With continuous advancements in the semiconductor industry, transistors with smaller than 20 nm feature size have enabled the integration of multi-billion transistors on a single die. With the failure of MOSFET scaling however, only a fraction of the transistors on a die can operate at full voltage/frequency to not exceed the thermal design power (TDP). A large proportion of the circuit blocks is either inactive (dark silicon) or in a reduced-power state (dim silicon) at any given time to satisfy the power and thermal constraints. Despite the significant amount of research and growing necessity for a holistic power optimization technique, existing efforts to minimize power dissipation are typically not coherent. The existing research efforts are disjointed into two pieces: 1) the dynamic and static power loss at the load circuits is minimized or 2) the power loss during power-conversion is minimized.
There is a growing trend for integrating the voltage regulators fully on-chip to improve the quality of voltage delivered to the load circuits. Voltage regulators are typically designed to provide the highest power-conversion efficiency when delivering a particular output current regime, typically the maximum current for LDO (low-dropout) and SC (switched capacitor) regulators. Since dynamically changing the design parameters of a voltage regulator under different workloads is difficult, existing power management techniques suffer from increased voltage conversion losses during idle states when the current demand is low and regulator efficiency is reduced.

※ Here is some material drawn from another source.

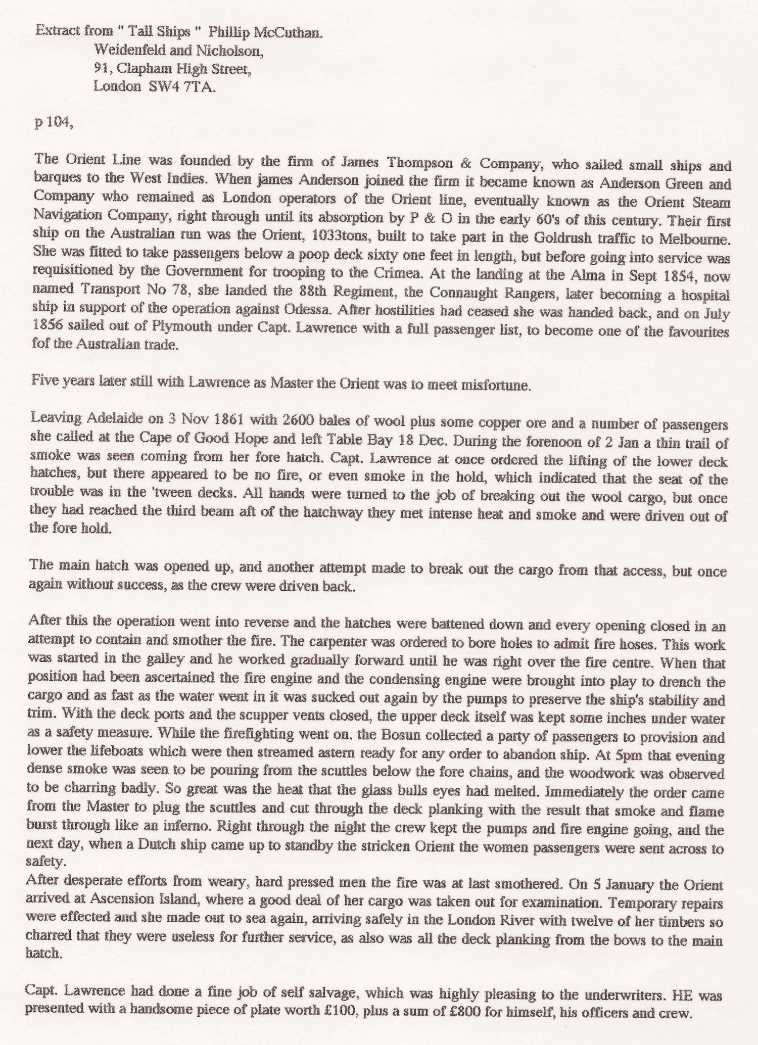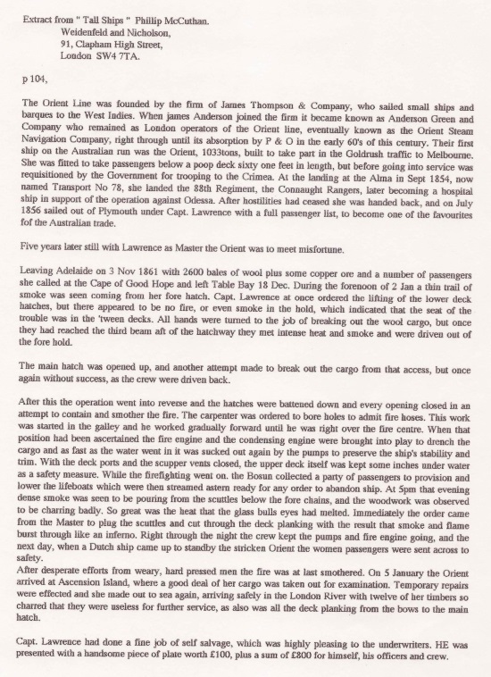 Alexander Lawrence was Captain of the Orient for a total of five round trips from England to Australia, the last of which was marked on the return by the fire that he dealt with so expertly. These voyages have been tabulated, amongst much else, in a truly fascinating book: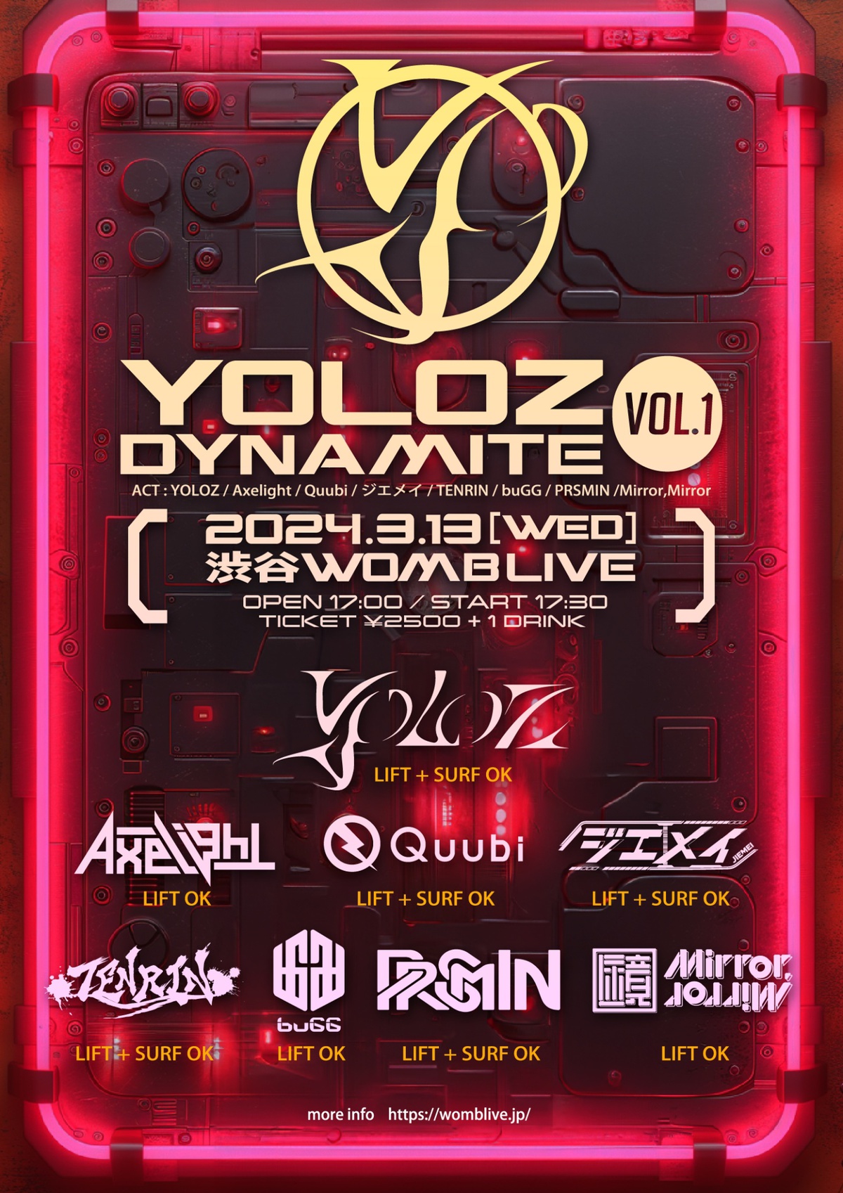Schedule BACK TO LIST 2024.3.13[Wed] WOMBLIVE YOLOZ DYNAMITE Vol.1 【チケット】 https://t.livepocket.jp/e/ivi5v 前売りチケット¥2,500 一般販売:2024/2/16(金)21:00〜2024/3/12(火)23:59 VENUE WOMBLIVE 東京都渋谷区円山町2-16 TIME 開場 / 17:00 開演 / 17:30 TICKET 前売 ¥ 2,500 / 当日 未定 ACT Axelight / Quubi / ジエメイ / TENRIN / buGG / PRSMIN / Mirror,Mirror

In modern mobile platforms, more than 32% of the overall battery power is dissipated during high-to-low voltage conversion before the power even reaches the load circuits. The primary reason for this huge power loss is that power delivery networks are designed to satisfy the stringent noise requirements under worst-case loading conditions, which is typically the full utilization of the overall chip computing and memory resources when the current demand is the highest.

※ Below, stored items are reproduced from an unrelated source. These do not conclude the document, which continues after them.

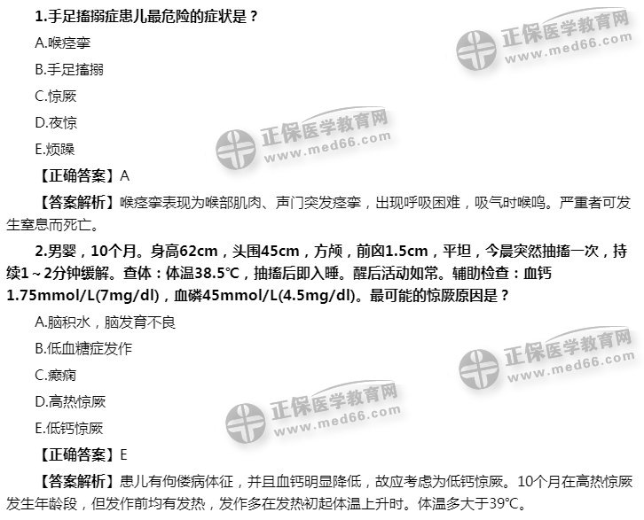 维生素D缺乏性手足搐搦症练习题: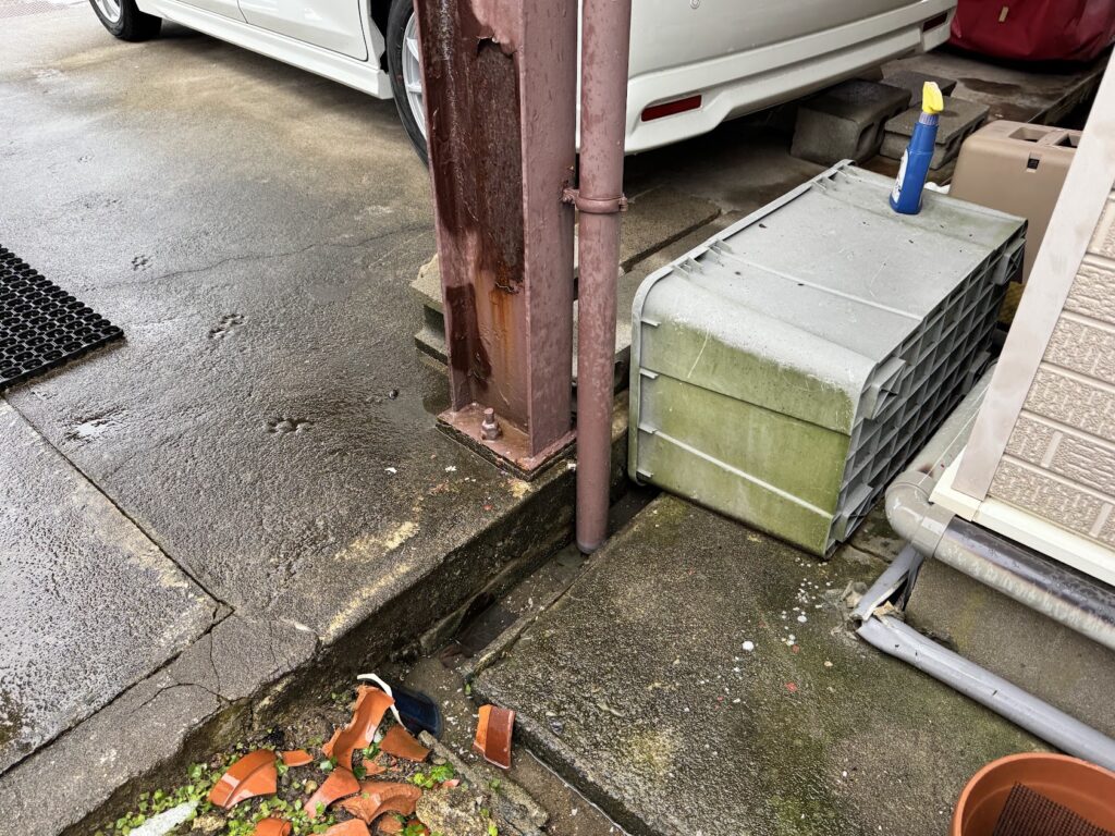 雨の日に気づく小さな不具合。車庫の雨樋も直せます。
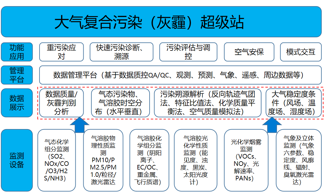 6) 氣象及立體監(jiān)測(cè):氣象六參數(shù)、大氣穩(wěn)定度、風(fēng)廓線雷達(dá)、微波輻射儀、臭氧激光雷達(dá);

Parallel voltage regulation has been widely used for buck and SC regulators to reduce the output voltage ripple by interleaving multiple regulators with phase shifted switching frequencies. Advantages of interleaved regulation include reduced filter size for buck converters, improved load response, and higher efficiency. The interleaved architectures, however, have not been exploited until recently to regulate voltage close to the load circuits to minimize noise. Distributed on-chip voltage regulation is an emerging research area where multiple voltage regulators are connected in parallel, delivering current to the same power network close to the load circuits. Although challenges such as device mismatch, offset voltages among parallel regulators, overall system stability, and balanced current sharing need to be considered, distributed voltage regulation can provide sub-nanosecond load regulation to attain high performance under increased temporal and spatial workload variations in modem ICs. Aggressive power saving mechanisms are currently implemented as a result of the modem ICs exhibiting frequent idle periods. It is projected that more than half of the circuit needs to be idle at 8 nm technology node to satisfy the TDP requirement in server processors or to improve the battery life in mobile processors.
Design-for-power has become one of the primary objectives resulting from the continuous demand to improve the battery life of mobile devices or to minimize the cooling costs of servers. To save power and mitigate thermal emergencies, circuits typically enter reduced power states when the workload is light. Prior art voltage regulators, however, operate indifferently under varying workload conditions due to a lack of different operating modes. When a prior art voltage regulator is optimized for a particular load current, significant power is dissipated during voltage conversion while delivering power to a different load current than the load current for which the voltage regulator is optimized.
Accordingly, what is needed in the art is an improved system and method for voltage conversion efficiency at different utilization levels for on-chip voltage regulators.